My Journey to Immortality

My Journey to Immortality
Ch 63



Suasana aula persidangan istana kekaisaran Han tampak tegang, para pejabat dan menteri serta para jenderal menunggu Kaisar Xiao Chen berbicara dengan gelisah.


"Baiklah, pertemuan akan kita mulai. Untuk itu mari kita dengarkan kabar yang dibawa senior Suqian, silahkan senior!".


Suqian berdiri dari kursinya dan menuju ke tempat khusus bagi mereka yang biasanya diduduki para penjahat kekaisaran seperti pejabat dan menteri namun kali ini diduduki oleh Suqian, meskipun dia duduk di kursi panas tapi Suqian tampak tenang karena dia didukung oleh Tang Yue sebagai nyonya yang dilayani (jangan salah paham, maksudnya dilayani ya karena memang dia dan anggota Asosiasi itu bawahannya Suja semua jadi ya sudah sewajarnya mereka melayani ibundanya Suja dengan baik).


"Seperti yang kalian baca dari surat yang dikirimkan Kaisar, saat ini situasi sangat tidak menguntungkan bagi kekaisaran Han karena aliansi aliran hitam telah bergerak dan dari apa yang saya dapat mereka berencana untuk menyerang kekaisaran Han.
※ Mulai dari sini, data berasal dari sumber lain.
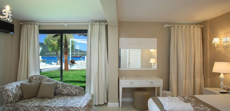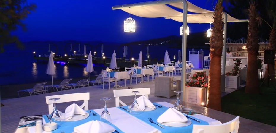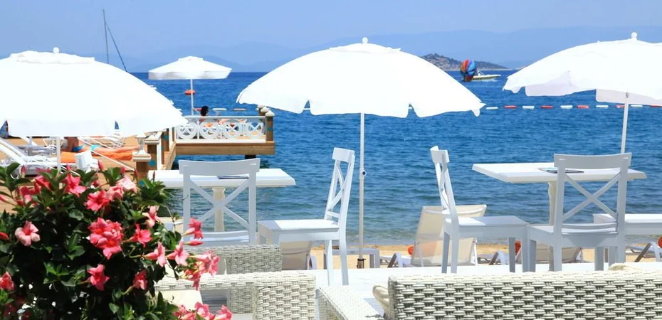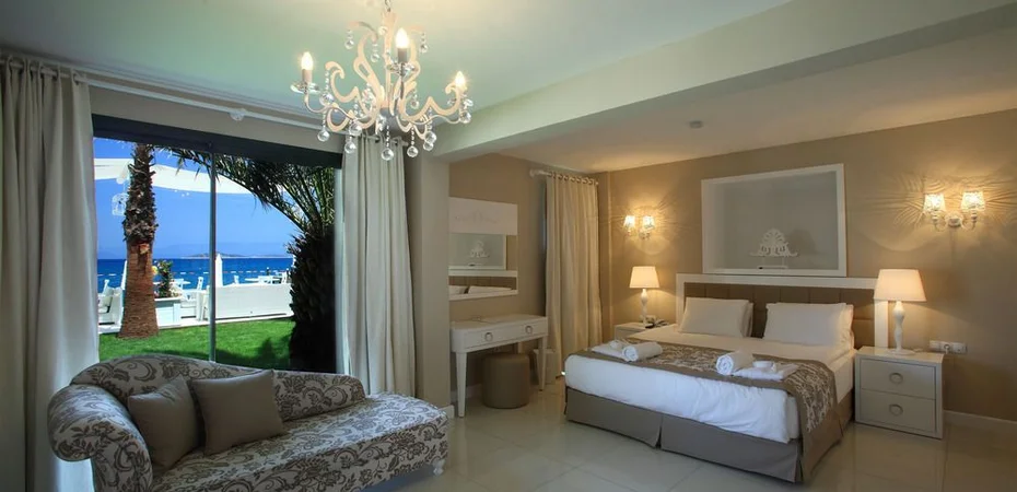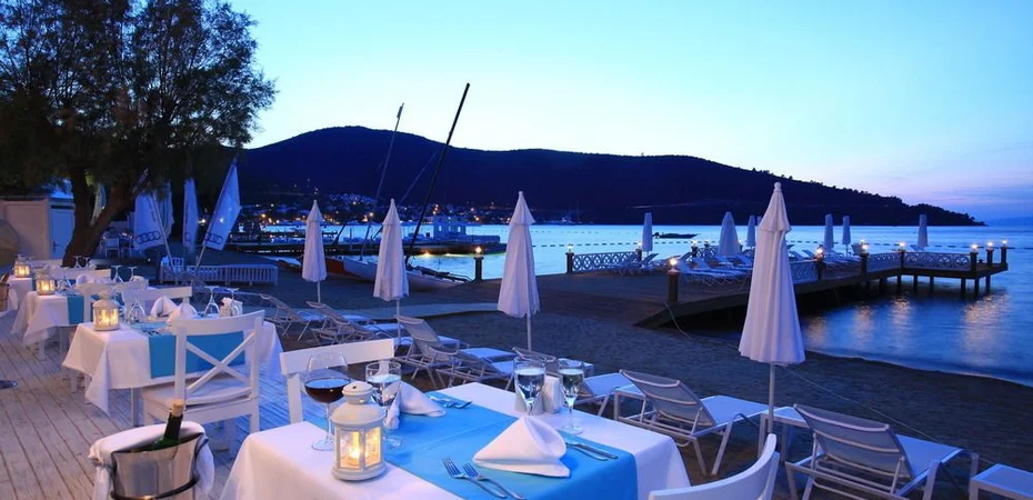 This beachfront hotel in Bodrums-ns Torba region faces the Aegean Sea and has a romantic waterfront terrace and a private beach.

Jumlah pasukan mereka sendiri bisa dipastikan tidak kurang dari satu juta pasukan bahkan kemungkinan masih ada yang lainnya belum lagi pasukan kekaisaran Wei tang mereka perbudak, dari mereka sendiri jumlah yang diketahui sementara ini hanyalah satu juta pasukan utama yang terdiri dari pasukan Bendera Tiga Warna, Black Tiger Sect, Black Mountain Bat, Sekte Kabut Kematian, dan juga puluhan sekte menengah bawahan mereka.


Saat ini mereka telah berada di kota yang berada di dekat perbatasan ketiga kekaisaran, informasi dari pengurus Asosiasi yang berada di kota Lingko mengatakan mereka saat ini telah selesai berbenah dan akan berangkat secepatnya ke Ibukota atau kota Xudong.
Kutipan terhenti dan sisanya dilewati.